◆ **SOURCE MATERIAL**:
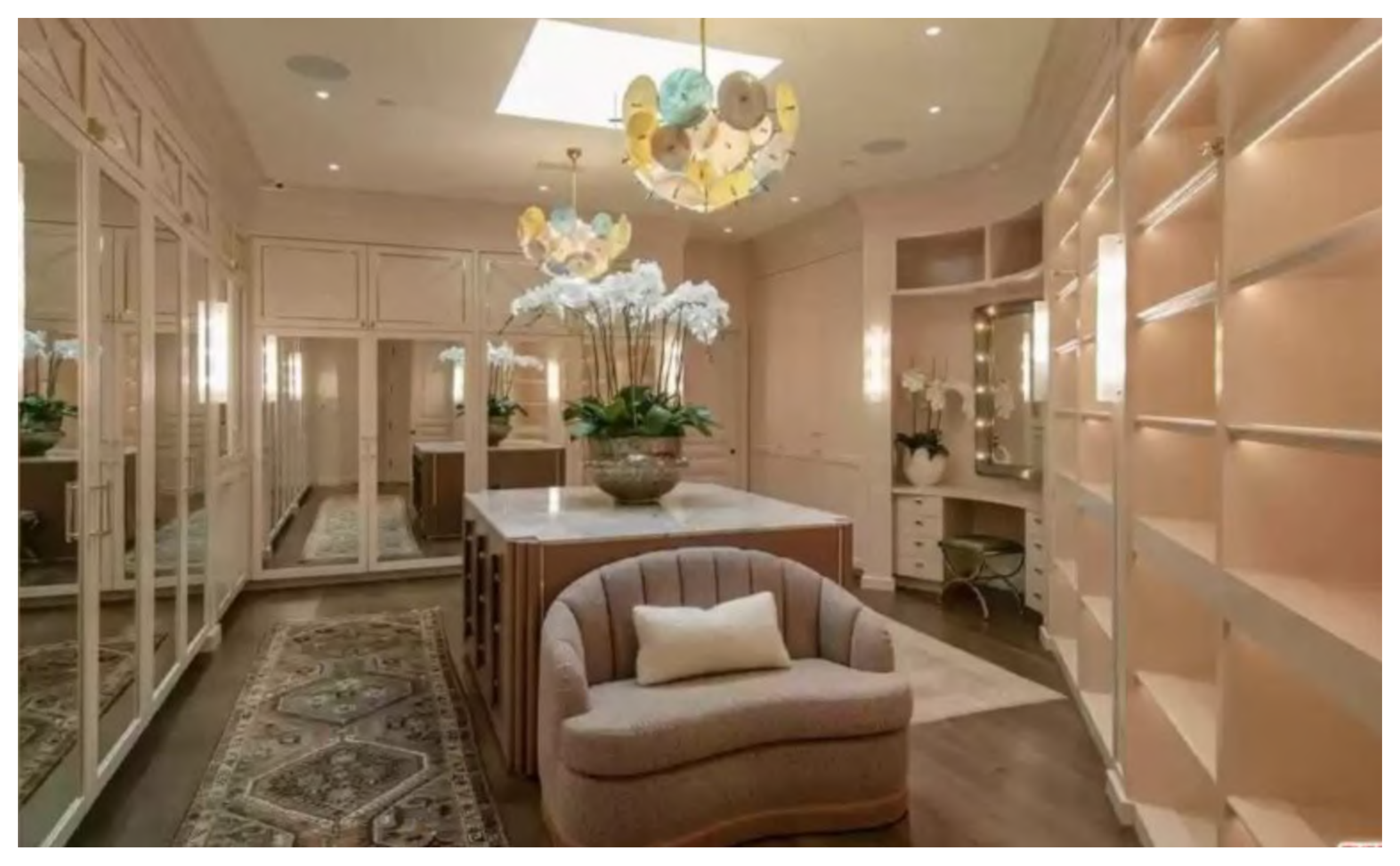
Diva-worthy closet
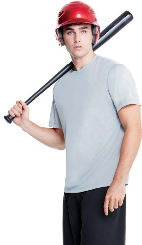
M1006 UNISEX SHORT SLEEVE TEE Sizes: XS-3XL
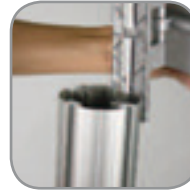
Slide the LCD bracket into the channel. Move to the required position.
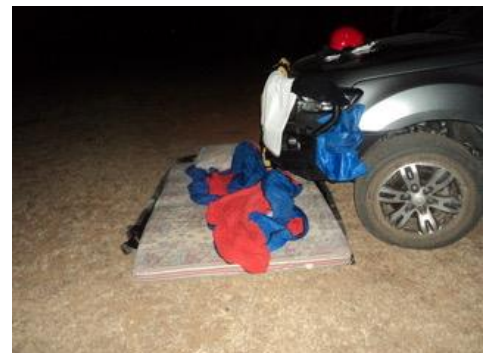
5 star accommodation

◆ **DIRECTIONS FOR THIS TASK**: All of the data is to be transcribed exactly, with images omitted.

◆ **RESULT**:
Diva-worthy closet
M1006 UNISEX SHORT SLEEVE TEE Sizes: XS-3XL
Slide the LCD bracket into the channel. Move to the required position.
5 star accommodation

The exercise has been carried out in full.